We often forget that many experiences for children are brand new ones or maybe ones that they have only experienced a few times before. I have watched parents in restaurants before, as an example, being totally exasperated at their toddlers behaviour, likely thinking to themselves, 'but little Bobby knows how to eat a meal at home'. Restaurants are a great example of a place in which a certain level of behaviour is expected of a child in order that everyone else in the restaurant doesn't want to leave! Fundamentally, your child probably* knows how to eat. They may or may not like eating, that is a separate matter! However, because little Bobby knows how to eat his meal at home (whether it is with a fork, or fingers, that really is neither here nor there) it doesn't mean that you can expect the same behaviour of him in a restaurant. Restaurants are sensory overload for little ones - with the hubbub of noise from other diners, to the noise of the kitchen should you be near it, different high chairs, a vast array of things to touch on the tables, different lighting.... and that is all before you have even got to the food! Asking a toddler to wait at the table, not only to order food but then for it to arrive at the table!? We really are asking an awful lot here!

I find the key is communication.... and lots of distraction. Prepare your child for what is coming by talking to them about it, 'oh look this is a waiter, a waiter is someone who looks after us in the restaurant, he is going to ask us what we would like, maybe we could order you this, then he has to go and tell the chef....' etc etc etc....

Distraction between these moments is wonderful, so BE PREPARED! Bring crayons, bring cars, bring dolly, bring books, bring magazines (these I find to be most wonderful - they are like a new book to a child... that they are allowed to draw in.... that usually comes with some wonderfully naff toy that should entertain purely for the novelty of being new!)

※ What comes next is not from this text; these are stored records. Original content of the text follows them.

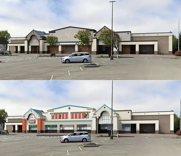 The former Ray’s Food Place before (above) and after (below) proposed new signage. Ten new signs are proposed for the east and north walls of this 45,000-square-foot building, which sits on a 5.32-acre parcel. | From the Planning Commission’s agenda packet.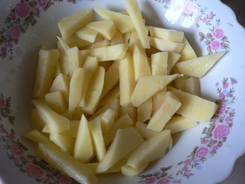 Тоесть, тоже в форме брусочков, примерно с палец толщиной. Подготовленный (поджаренный) картофель снимаем со сковородки и выкладываем на тарелку.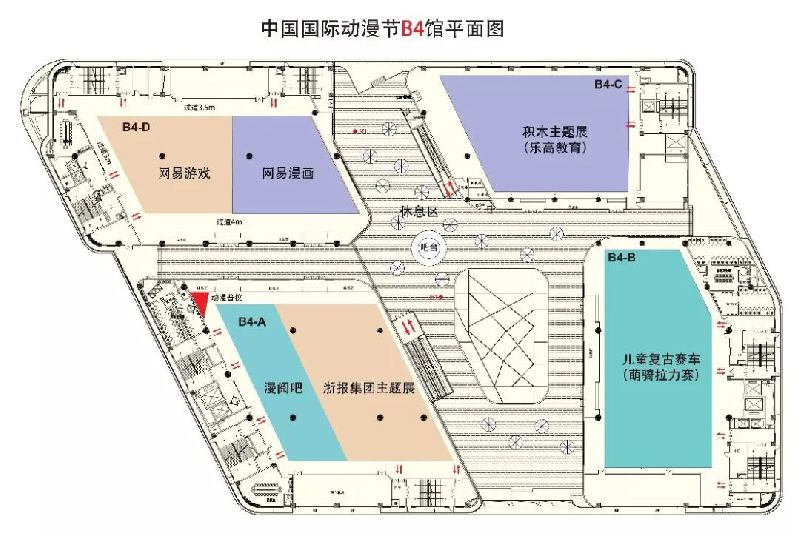 - 展物:B4馆有四个独立展厅,分别是网易游戏、网易漫画,积木主题展(乐高教育),浙报集团主题展、漫阅吧以及儿童复古赛车(萌骑拉力赛)。B4馆除了主题展,还有一个看点,这里可以说是整个动漫节主会场COSER最集中的地方了。在B4馆露台区域,你可以各种抓住COSER小哥哥小姐姐们合影留念哦!
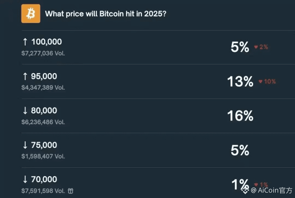 ● 与此同时,“比特币在2025年底前再次涨至10万美元”的概率同样仅为5%。而在12月23日,这一概率为8%,同时“再次涨至9.5万美元”的概率为25%。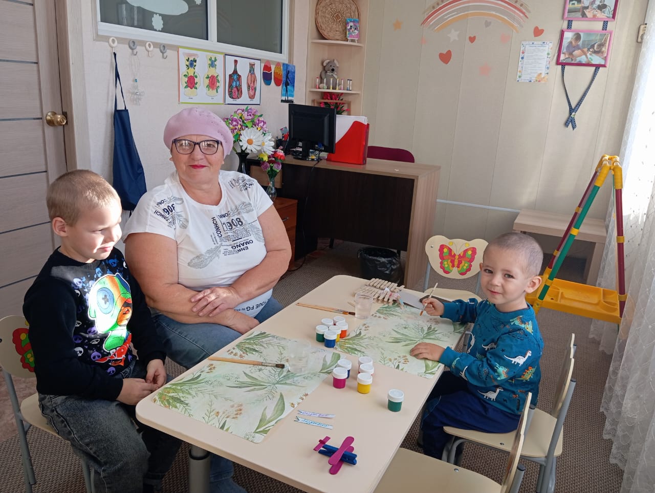 В нашем центре прошел увлекательный и интересный мастер класс для самых маленьких ребят из замещающих семей, который назывался «Подарок для папы». Специалисты службы сопровождения подготовили прищепки, палочки от мороженого, кисти и краски, клеевой пистолет и даже фен. Ребят очень заинтересовал этот набор. А когда педагоги показали, что из этих предметов может получиться самолет, малыши с удовольствием преступили к работе.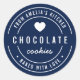 Round Modern Bold "Baked with love" sticker featuring a heart and double border in white against a background color that is editable (click customize and change background color). It's perfect for labeling what you've baked.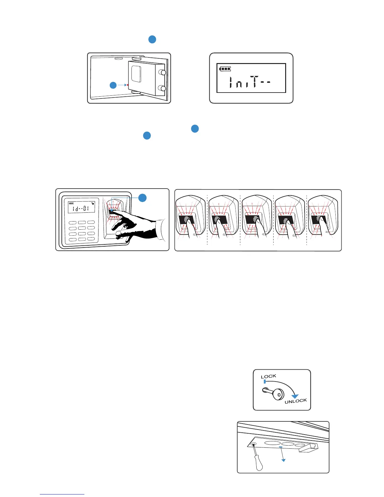 2.1. PRESS and HOLD down red button A for 10 seconds. “INIT” ashes on LCD display followed by “OK”. Safe is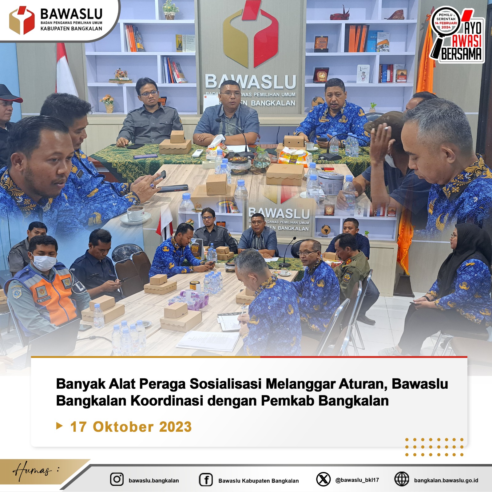 Bawaslu dan Pemerintah Kabupaten Bangkalan melakukan rapat koordinasi menyikapi bayaknya Alat Peraga Sosialisai (APS) yang melanggar aturan, Selasa (13/10) di Kantor Bawaslu Bangkalan.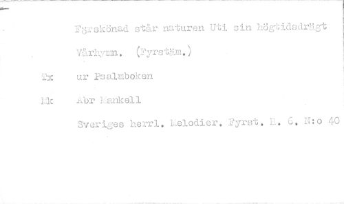 //// Förskönad står naturen Uti sin högtidsdrägt Värhytan. ('yrstäm.) //// ur Psalmboken //// Lk Yibr Lankoll //// Sveriges herrl. :Lelodier. Pyrs. 1., 6, N:o 40 ////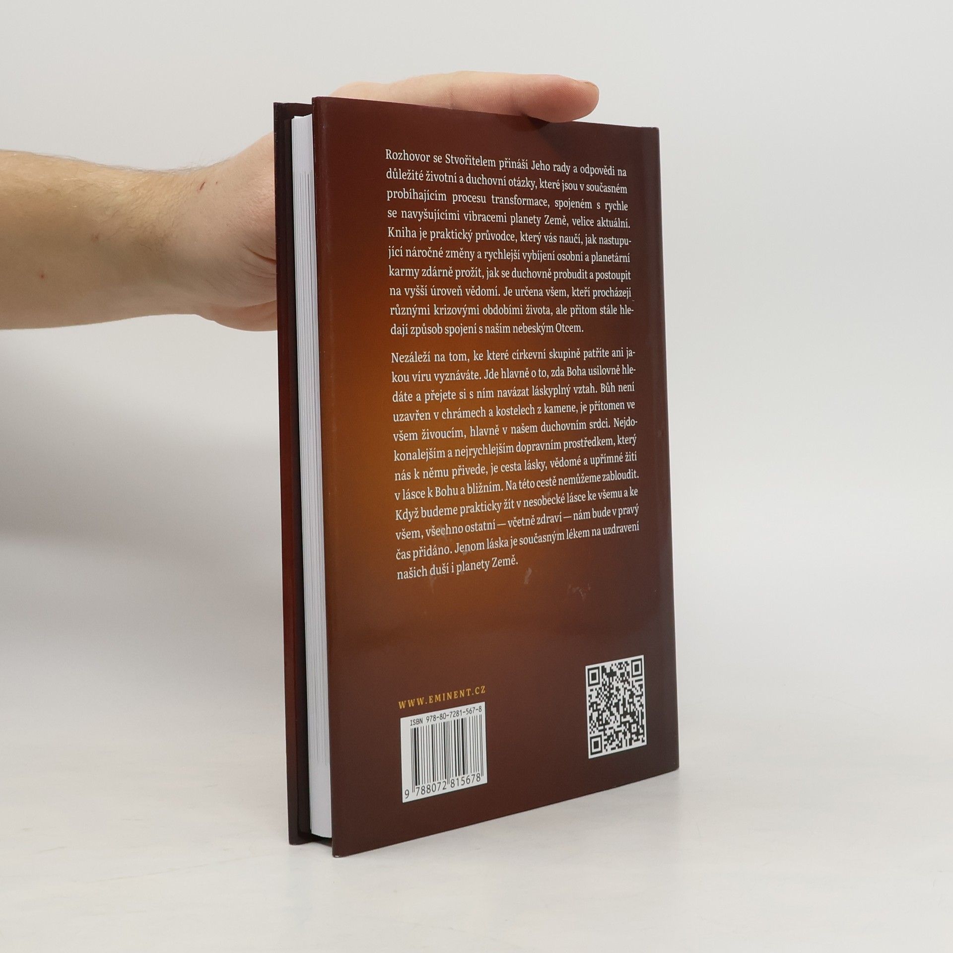 Rozhovor se Stvořitelem přináší Jeho rady a odpovědi na důležité životní a duchovní otázky, které jsou v současném probíhajícím procesu transformace, spojeném s rychle se navyšujícími vibracemi planety Země, velice aktuální. Kniha je praktický průvodce, který vás naučí, jak nastupující náročné změny a rychlejší vybíjení osobní a planetární karmy zdárně prožít, jak se duchovně probudit a postoupit na vyšší úroveň vědomí. Je určena všem, kteří procházejí různými krizovými obdobími života, ale přitom stále hledají způsob spojení s naším nebeským Otcem. Nezáleží na tom, ke které církevní skupině patříte ani jakou víru vyznáváte. Jde hlavně o to, zda Boha usilovně hledáte a přejete si s ním navázat láskyplný vztah. Bůh není uzavřen v chrámech a kostelech z kamene, je přítomen ve všem živoucím, hlavně v našem duchovním srdci. Nejdokonalejším a nejrychlejším dopravním prostředkem, který nás k němu přivede, je cesta lásky, vědomé a upřímné žití v lásce k Bohu a bližním. Na této cestě nemůžeme zabloudit. Když budeme prakticky žít v nesobecké lásce ke všemu a ke všem, všechno ostatní — včetně zdraví — nám bude v pravý čas přidáno. Jenom láska je současným lékem na uzdravení našich duší i planety Země.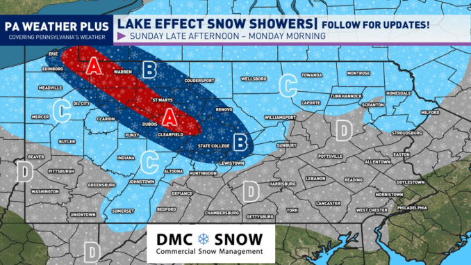 Once the cold front passes through Sunday morning, the lake effect machine will turn on by Sunday afternoon. Expect snow bands and squalls to begin to develop throughout the state. Some impacts may begin to occur, especially across northwestern Pennsylvania where temperatures will be the coldest.
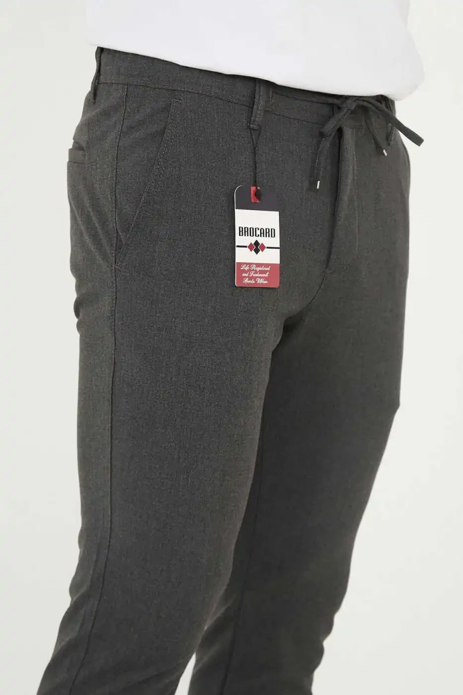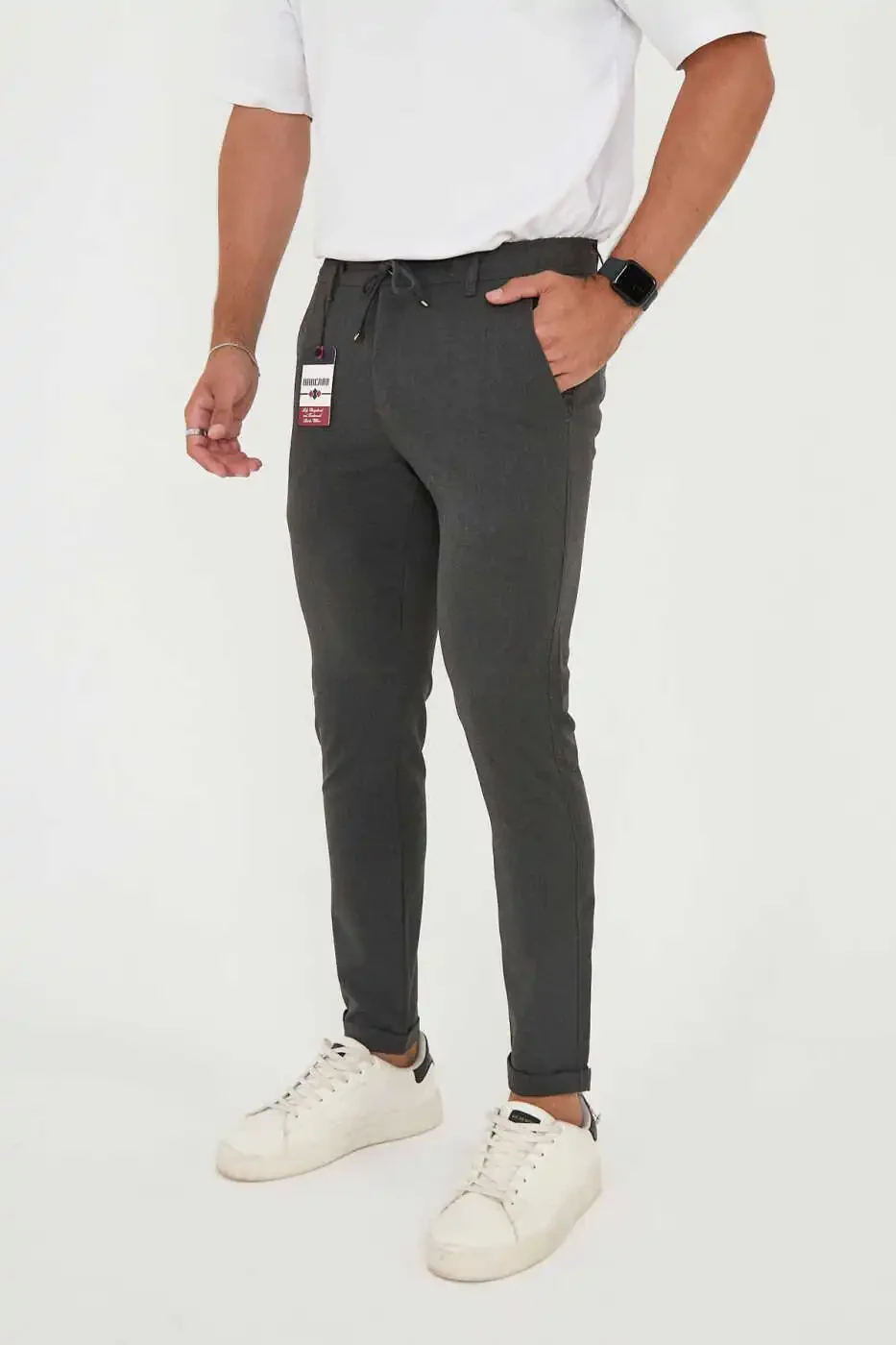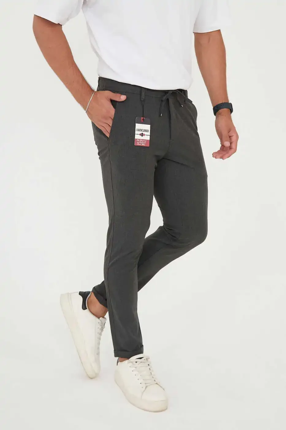 Erkaklar uchun Jogger Slimfit Yarim Elastik Belli Ikki Qavatli Shim, Antrasit Rang

This is also the time to fine tune your 'quiet but firm' voice. We all know you don't want to shout at your child in a restaurant (and we don't want you to either!) but sometimes, you have explained the child several times that they mustn't touch Daddy's wine glass or that you can't rip the menu or that you shouldn't stand in your high chair because it is dangerous (and then hopefully explained what dangerous means). I have found this voice to be a wonderful tool for all the children I have worked with and my own son, I also know it to be a favourite of teachers. It is the voice that is very quiet but the child knows you mean business. It is far less stressful for everyone than shouting and doesn't produce an uncomfortable or embarrassing environment for the child or anyone else around!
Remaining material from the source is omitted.